Metal music still has an unaddressed Nazi problem
Recently, Profound Lore Records announced a new 12-inch EP from Disma, an American death metal band that’s existed for well over a decade. The band’s frontman Craig Pillard is considered a pioneer of the genre due to his work in Incantation, one of the early innovators in New York City’s death metal scene. He is also considered a fucking Nazi.

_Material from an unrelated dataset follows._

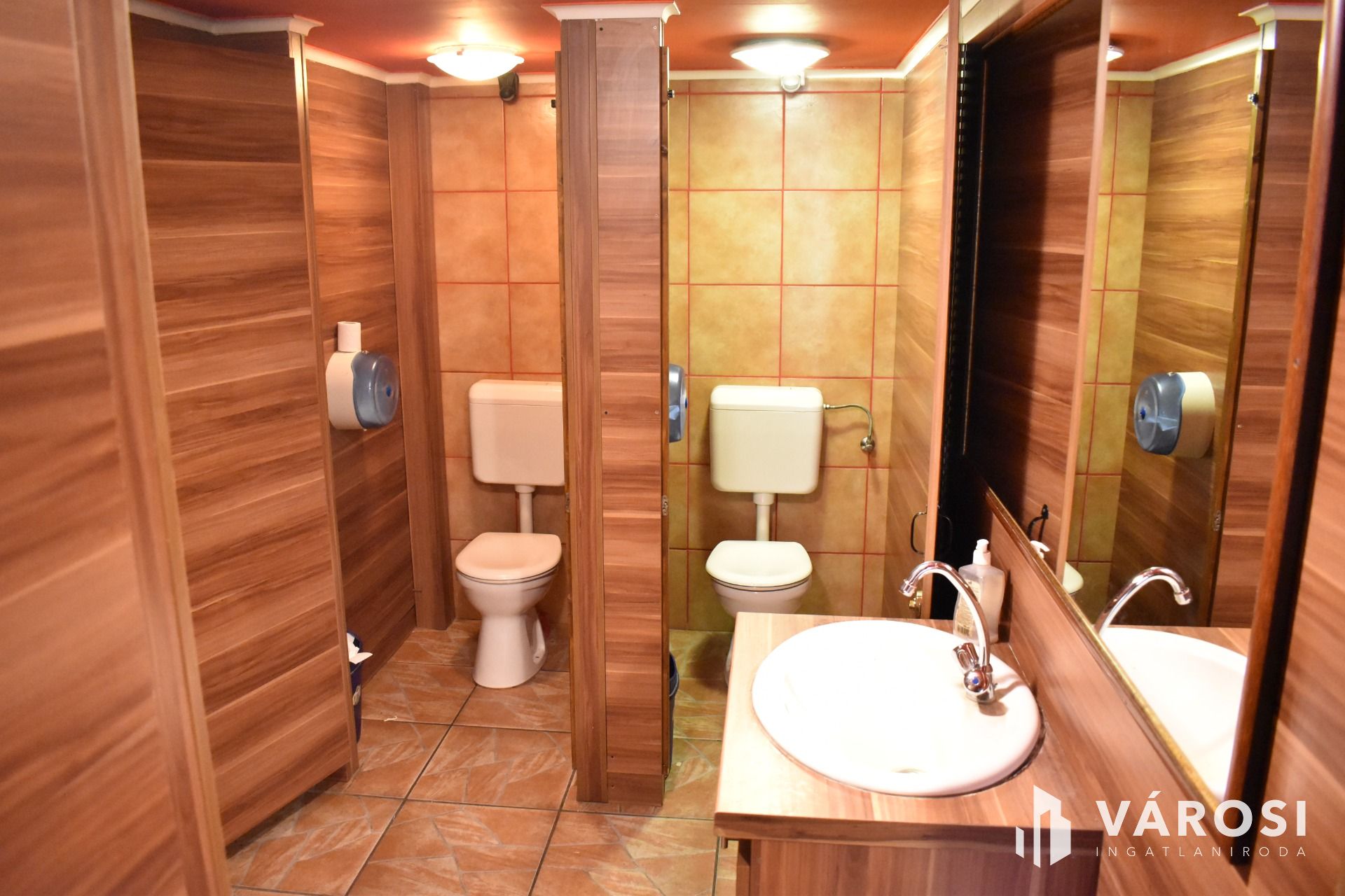 Az ingatlan földszinti részén lett kialakítva egy hangulatos és minden igényt kielégítő bárpult, egy éttermi vendéglátó rész, amely a kialakított szintén hangulatos galéria résszel közel 200 fő befogadásra alkalmas. A galéria rész ebből 104 fő befogadásra alkalmas, ahol a kialakításának köszönhetően zártkörű rendezvények lebonyolítására is tökéletesen alkalmas. A vendéglátó részen a közelmúltban lettek felújítva a vizesblokk (mosdó, WC) helységek is, amelyből 3 db. található az éttermi részen (férfi, női és mozgáskorlátozott). A vendéglátó egységhez tartozik egy hatalmas és modern eszközökkel felszerelt konyha, amely több részből áll, itt lett kialakítva egy pizza készítő, melegkonyha, előkészítő, mosogató, illetve több hűtő, raktár és mosdó helység is. A fűtésről 3 db gázkazán lapradiátorokkal, padlófűtéssel, a hűtésről klímaberendezések gondoskodnak. A vendéglátó részen az elektromos hálózat is korszerű, itt 3 x 72 A és ipari áram található.

Outside of Pillard’s main gig, he has a solo project called Sturmführer, a name derived from the paramilitary rank within the Nazi army that best translates to “assault leader.” Under the Sturmführer name, Pillard has released records that feature swastikas in the artwork and are put out on labels like Satanic Skinhead Propaganda—an imprint that, before closing in 2013, handled records by other metal bands that traffic in overt racism. But by becoming part of the Profound Lore fold, Pillard is no longer just on the cultural fringes. And his involvement there says something striking about modern metal’s ongoing Nazi problem.
Profound Lore, along with labels like Southern Lord, specializes in some of the most progressive, interesting metal being made today. Glance over its discography and you’ll find releases that rarely adhere to one sound but often push boundaries—be it Full Of Hell’s abrasive noise-metal, Krallice’s experimental black metal, or even Dälek’s off-kilter hip-hop. Come March, you’ll also find the new album from Pallbearer, an Arkansas metal band with potential to be a huge, Mastodon-style crossover act. If so, it could similarly bring more mainstream exposure to Profound Lore, which only makes the label’s seeming lack of an ethical line all the more troubling.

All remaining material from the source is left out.